*Work instruction*. All that is wanted is the lines from the first line of the listing below through the line containing "Zestaw 6 pastelowo", written out exactly with pictures left out.
─── Data shown
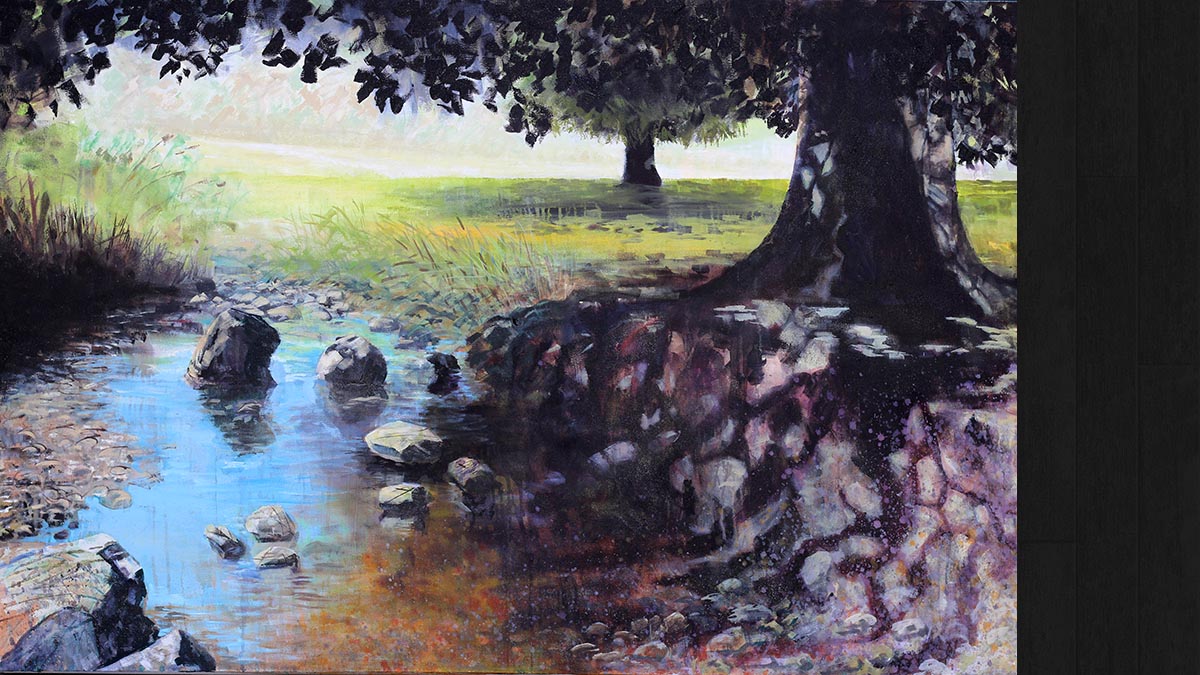 Acrylic on canvas. Limited edition print available- further details available on request.
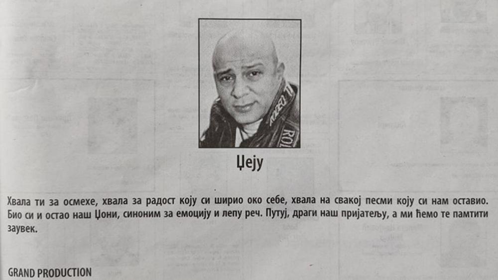 “Hvala ti za osmehe, hvala za radost koju si širio oko sebe, hvala na svakoj pesmi koju si nam ostavio. Bio si i ostao naš Džoni, sinonim za lepu reč. Putuj, dragi naš prijatelju, a mi ćemo te pamtiti zauvek”, stoji u čitulji “Grand produkcije” posvećenoj Džeju.
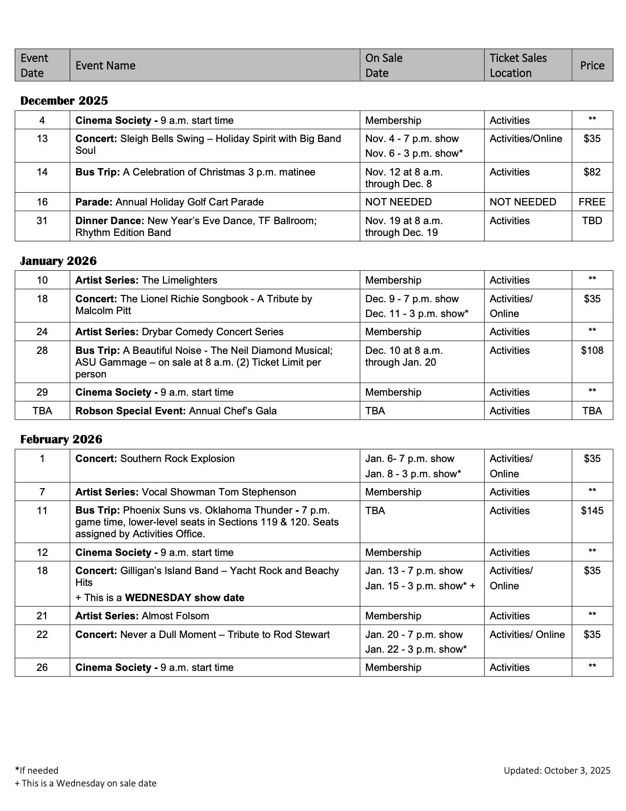 For more information contact the Activities Office at 623-535-9854
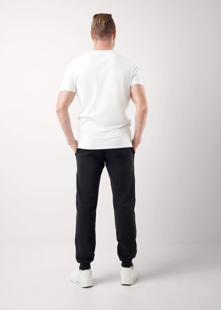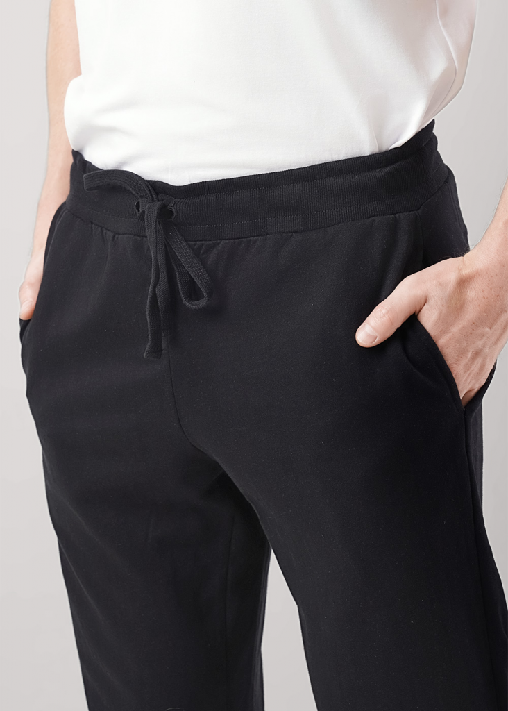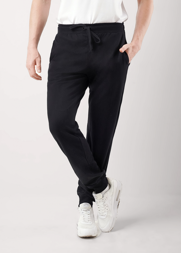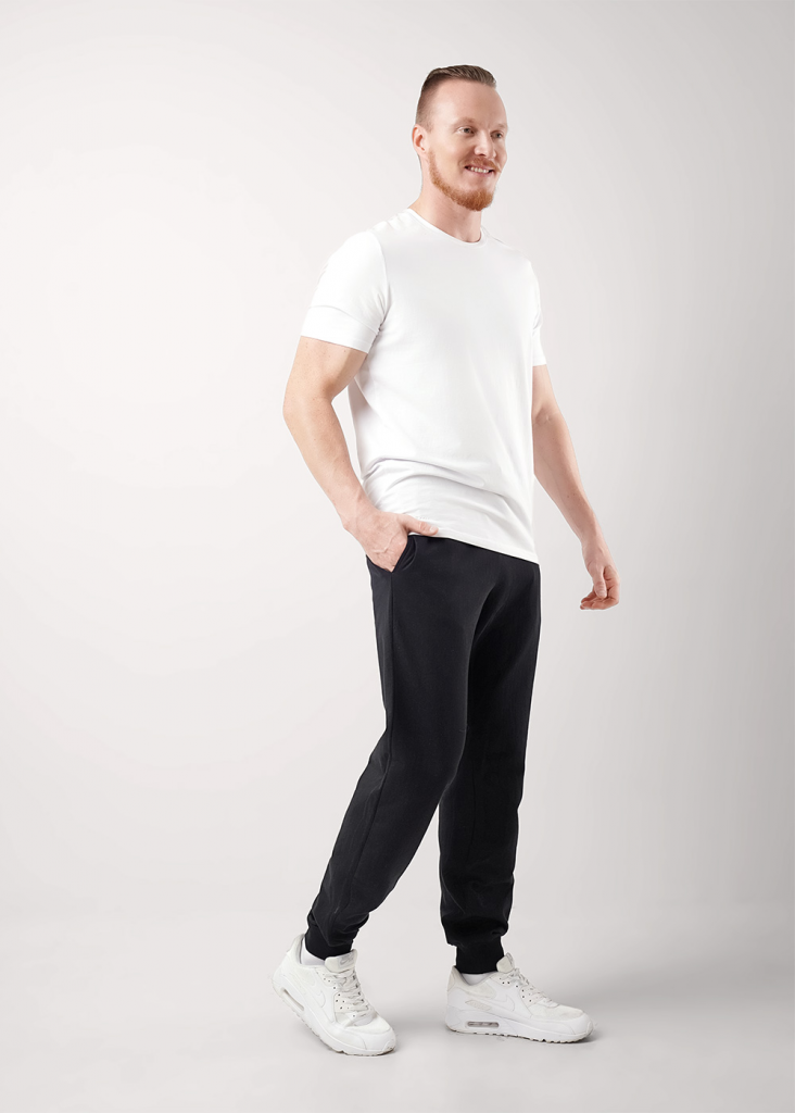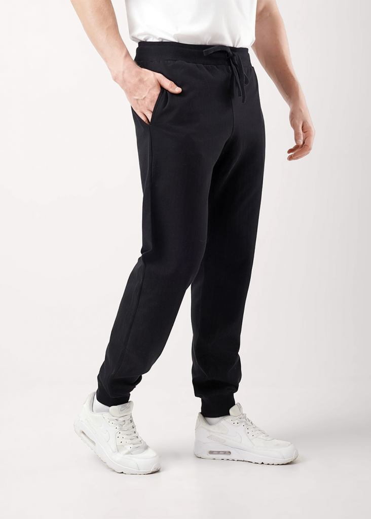 Брюки на манжете из трикотажного полотна - футер с эластичным поясом из кашкорсе со шнуром комфортно облегает фигуру, а посадка не сковывает движения. Модель дополняют боковые карманы.
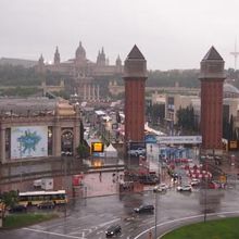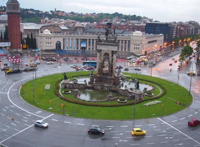ARENAS DE BARCELONA(アレーナス・デ・バルセロナ)の目の前にあります。目の前で見るとあまり迫力はありませんがアレーナスの屋上から見るとこのスペイン広場やモンジュイックの丘、バルセロナ市内の展望を楽しむことができます。空港バスもここに停車します。
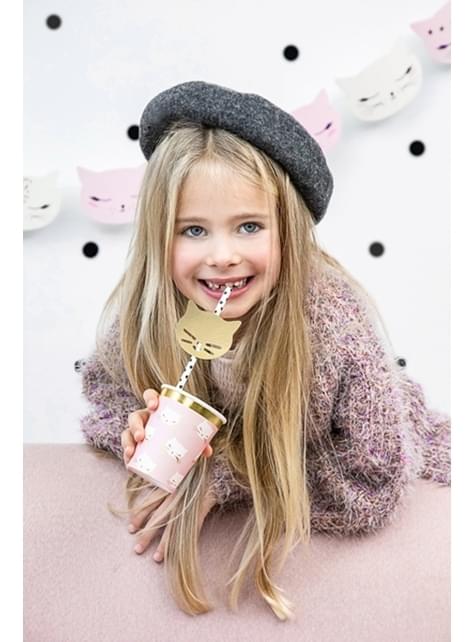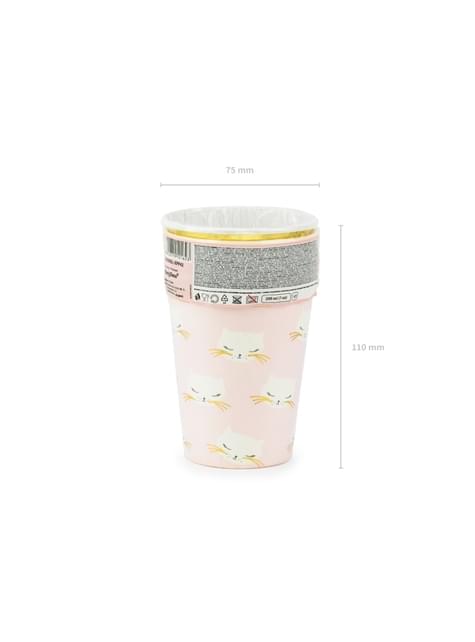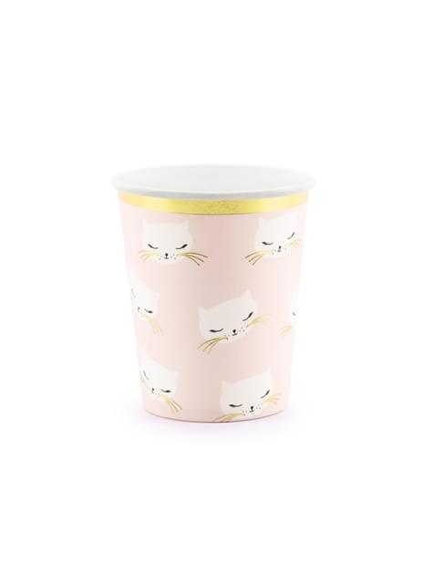 Zestaw 6 pastelowo różowe papierowe kubki - Meow Party
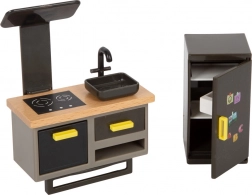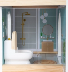 Inclus, 8 pièces de mobilier et des détails pratiques pour un jeu authentique : toilettes ouvrantes, placards de cuisine et réfrigérateur avec portes ainsi que des tiroirs. Des coussins et une parure de lit textiles apportent de la chaleur à la chambre, tandis que l’escalier en colimaçon relie les deux niveaux au sein d’un intérieur bien pensé avec paroi de douche en plexi.
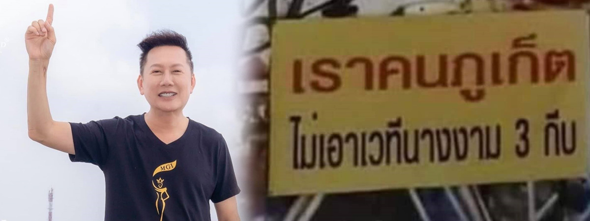 ถ้าป้ายนี้หมายถึงเวทีมิสแกรนด์ช่วยเปลี่ยนป้ายให้หน่อยครับ หรือใช้ป้ายเดิมก็ได้ลบคำว่า 3 กีบ เปลี่ยนเป็นไม่เอาเวทีนางงามประชาธิปไตย ไม่ศึกษาผิดพลาดเรียนรู้กันใหม่ได้ครับ ผมเข้าใจครับแล้วพบกันที่ภูเก็ตครับ ขอบคุณเครดิตตามภาพ"
──────
*Worked solution*.
 Acrylic on canvas. Limited edition print available- further details available on request.
 “Hvala ti za osmehe, hvala za radost koju si širio oko sebe, hvala na svakoj pesmi koju si nam ostavio. Bio si i ostao naš Džoni, sinonim za lepu reč. Putuj, dragi naš prijatelju, a mi ćemo te pamtiti zauvek”, stoji u čitulji “Grand produkcije” posvećenoj Džeju.
 For more information contact the Activities Office at 623-535-9854
 Брюки на манжете из трикотажного полотна - футер с эластичным поясом из кашкорсе со шнуром комфортно облегает фигуру, а посадка не сковывает движения. Модель дополняют боковые карманы.
ARENAS DE BARCELONA(アレーナス・デ・バルセロナ)の目の前にあります。目の前で見るとあまり迫力はありませんがアレーナスの屋上から見るとこのスペイン広場やモンジュイックの丘、バルセロナ市内の展望を楽しむことができます。空港バスもここに停車します。
 Zestaw 6 pastelowo różowe papierowe kubki - Meow Party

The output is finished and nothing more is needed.